6.02 LEGAL OWNERSHIP OF TRUST ESTATE. The legal ownership of the Trust
Estate and the right to conduct the business of the Trust are vested exclusively
in the Trustee, and the Unit Holders shall have no interest therein other than
the beneficial interest in the Trust conferred by their Units created hereunder,
and subject to the provisions of Section 9.02, they shall have no right to
compel any partition, division, or distribution of the Trust or any of the Trust
Estate.
6.03 UNITS DEEMED PERSONAL PROPERTY. The Units shall be personal property
and shall confer upon the Holders thereof only the interest and rights
specifically set forth in this Trust Agreement. The death, insolvency or
incapacity of a Holder shall not dissolve or terminate the Trust or affect its
continuity or give his legal representative any rights whatsoever, whether
against or in respect of other Holders, the Trustee or the Trust Estate or
otherwise.
6.04 UNIT RECORDS: ISSUANCE AND TRANSFERRABILITY OF UNITS. Records shall
be kept by or on behalf of and under the direction of the Trustee which shall
contain the names and addresses of the Holders, the number of Units held by them
respectively, and in which there shall be recorded all transfers of Units. The
Persons in whose names Units are registered on the records of the Trust shall be
deemed the absolute owners of the Units for all purposes of this Trust; but
nothing herein shall be deemed to preclude the Trustee or their agents or
representatives from inquiring as to the actual ownership of Units. Permitted
transfers of Units shall be registered on the records of the Trust only as of
the end of the last day of the month in which it receives notice of the
transfer. Until a transfer is duly registered as to the Trust, the Trustee shall
not be affected by any notice of such transfer either actual or constructive.

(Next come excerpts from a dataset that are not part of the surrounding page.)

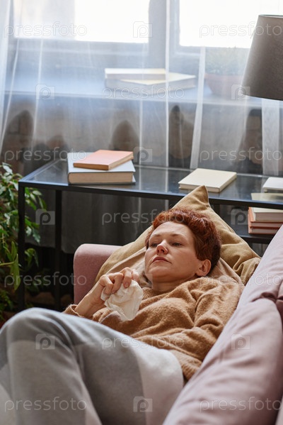 Вертикальный высокоугольный снимок женщины, страдающей гриппом, держащей бумажный салфетку и отдыхающей на диване дома
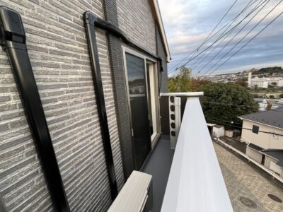 室外機をバルコニーに設置するにあたり、窓を塞いでしまうためお客様とご相談の上、窓上に配管を這わせたルートでの施工となりました✨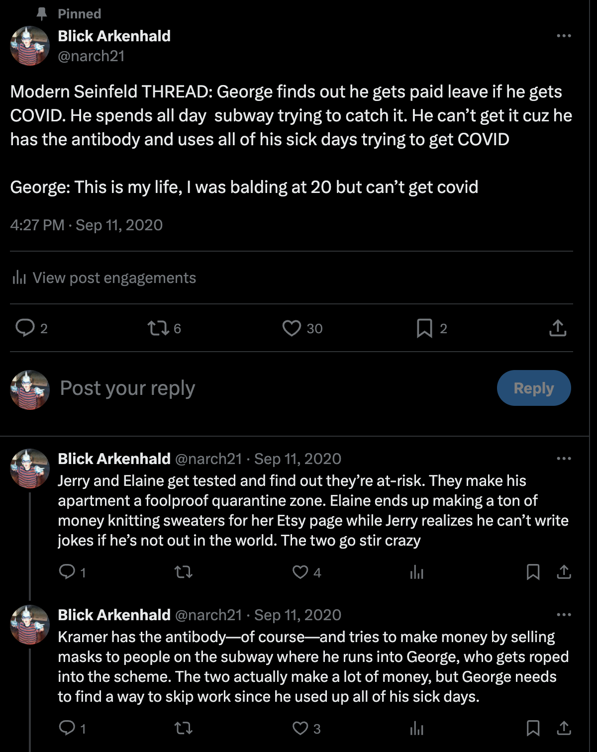 In the midst of the pandemic, I wrote a modern Seinfeld episode via a Twitter thread. It’s gold, Jerry!
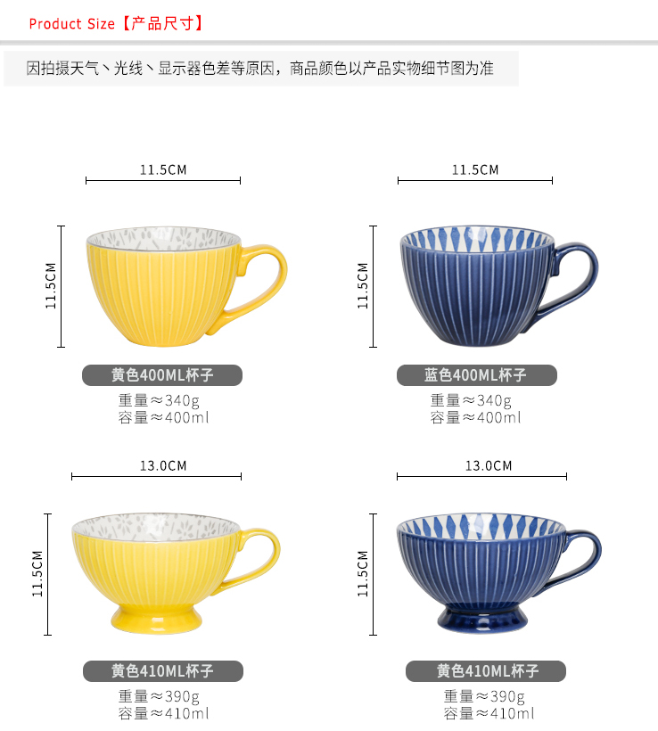 陶瓷大肚马克杯 带把牛奶杯子 防烫咖啡杯 家用奶茶水果杯麦片杯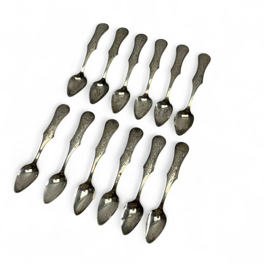 Twaalf zilveren advocaatlepeltjes, van der Ree Schoonhoven 1848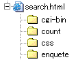 まず、確認のために最初は簡単なフォームを作成して試してみます。以下のソースをコピー&ペーストして「cgi-bin」ディレクトリより1階層上のディレクトリに「search.html」というファイル名で保存します。ファイル名は自由につけて結構です。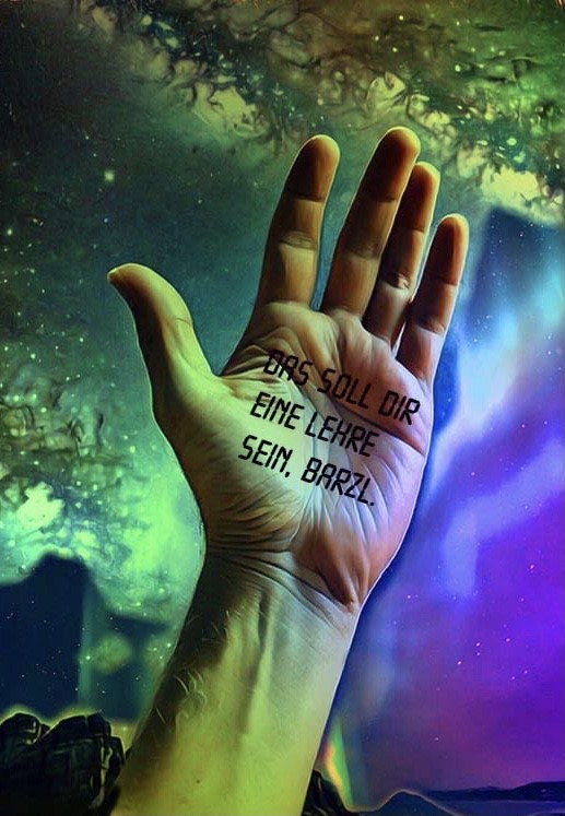 ... da langt plötzlich eine riesige Hand aus dem Himmel herunter... (genau! So eine wie die lustigen blau-weißen vom Münchner Oktoberfest, auf denen “Bier zu mir!” steht, nur noch viel größer)... und verpasst Herrn Spinoza eine gewaltige Ohrfeige. Bevor die Hand nach ihrem Streich wieder im Himmel verschwindet, winkt sie den Augenzeugen noch ein paar Mal zu, und jeder kann genau sehen, dass nicht “Bier zu mir!” in den Handflächen steht, sondern: “Das soll dir eine Lehre sein, Barzl!”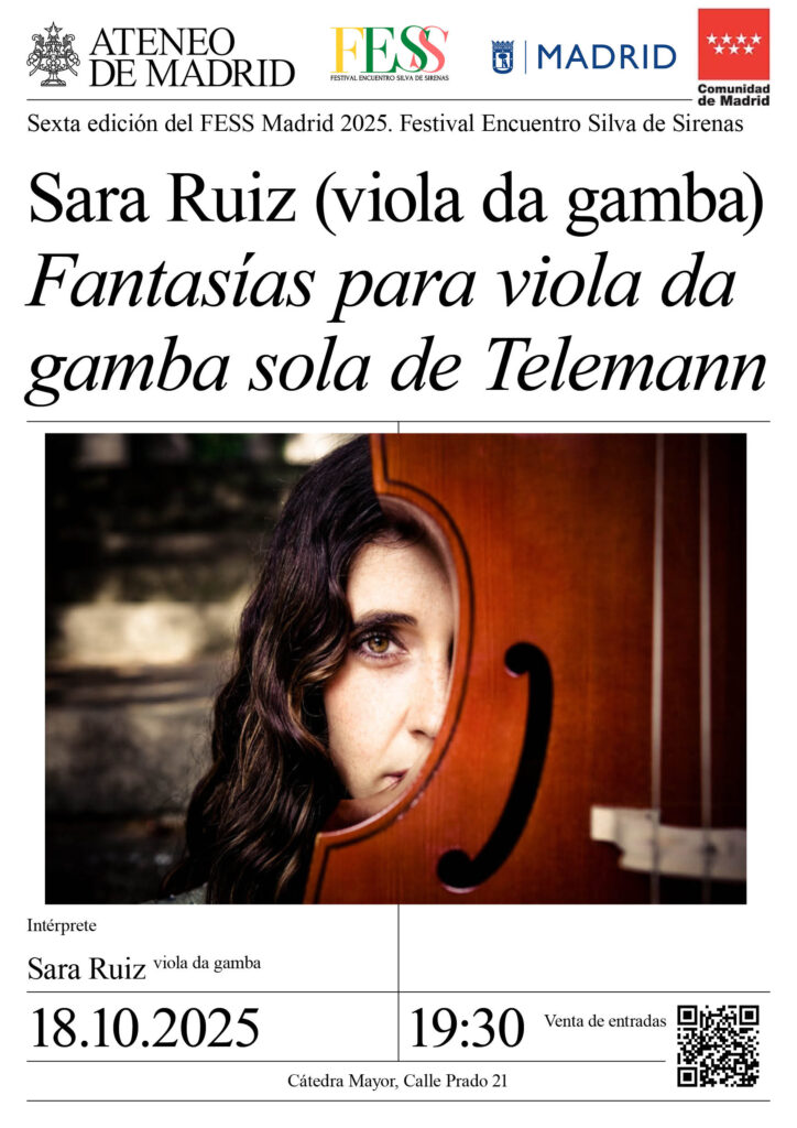 Intérprete: Sara Ruiz, viola da gamba. Cátedra Mayor. 19:30h.

The payment thereof to the Person in whose name any Units are registered on the
records of the Trust or to the duly authorized agent of such Person (or if such
Units are registered in the name of more than one person, to any one of such
Persons or to the duly authorized agent of such Person) shall be a sufficient
discharge for all distributions payable or deliverable in support of such Units
and from all liability to see to the application thereof. The Trustee may
prescribe further rules and regulations, not inconsistent herewith, as it may
deem necessary or advisable concerning the transfer of Units.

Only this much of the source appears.